Records shown below:

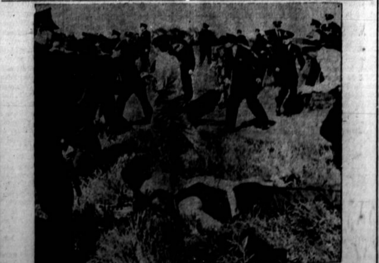
Slika kaže prizor iz policijskega napada na jeklarske stavkarje pred tovarno Republic Steel Corp. v Chicagu.
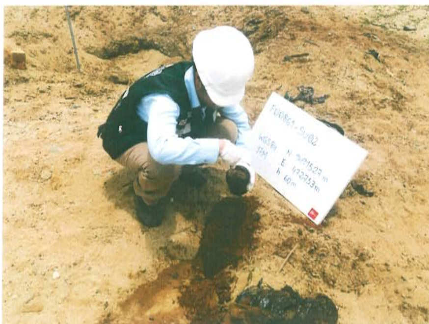
Fotografía N° 4. Punto (F00861-SU02) donde se recolectó la muestra de suelo, ubicado a 3,5-m de donde probablemente se encuentre el pozo T4727.
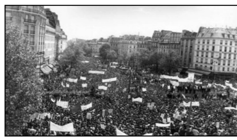
Grève en 1968
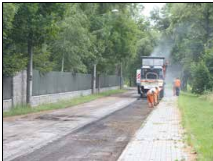
Trwa przebudowa drogi gminnej Zawada – Mariówka

Jeszcze w tym roku, jak informuje Wydział Zagospodarowania Prze-strzennego i Inwestycji możemy się spodziewać ogłoszenia przetargu na wyłonienie wykonawcy zagospodarowania terenu przy ulicy Przemysłowej w Przysusze. W ramach tej inwestycji planuje się wykonanie chodnika dla pieszych, miejsc parkingowych oraz placu zabaw dla

End of Records shown.

Set down only these lines, exactly: the line containing "Trwa przebudowa drogi" and each line after it, through the end of the listing.

Trwa przebudowa drogi gminnej Zawada – Mariówka

Jeszcze w tym roku, jak informuje Wydział Zagospodarowania Prze-strzennego i Inwestycji możemy się spodziewać ogłoszenia przetargu na wyłonienie wykonawcy zagospodarowania terenu przy ulicy Przemysłowej w Przysusze. W ramach tej inwestycji planuje się wykonanie chodnika dla pieszych, miejsc parkingowych oraz placu zabaw dla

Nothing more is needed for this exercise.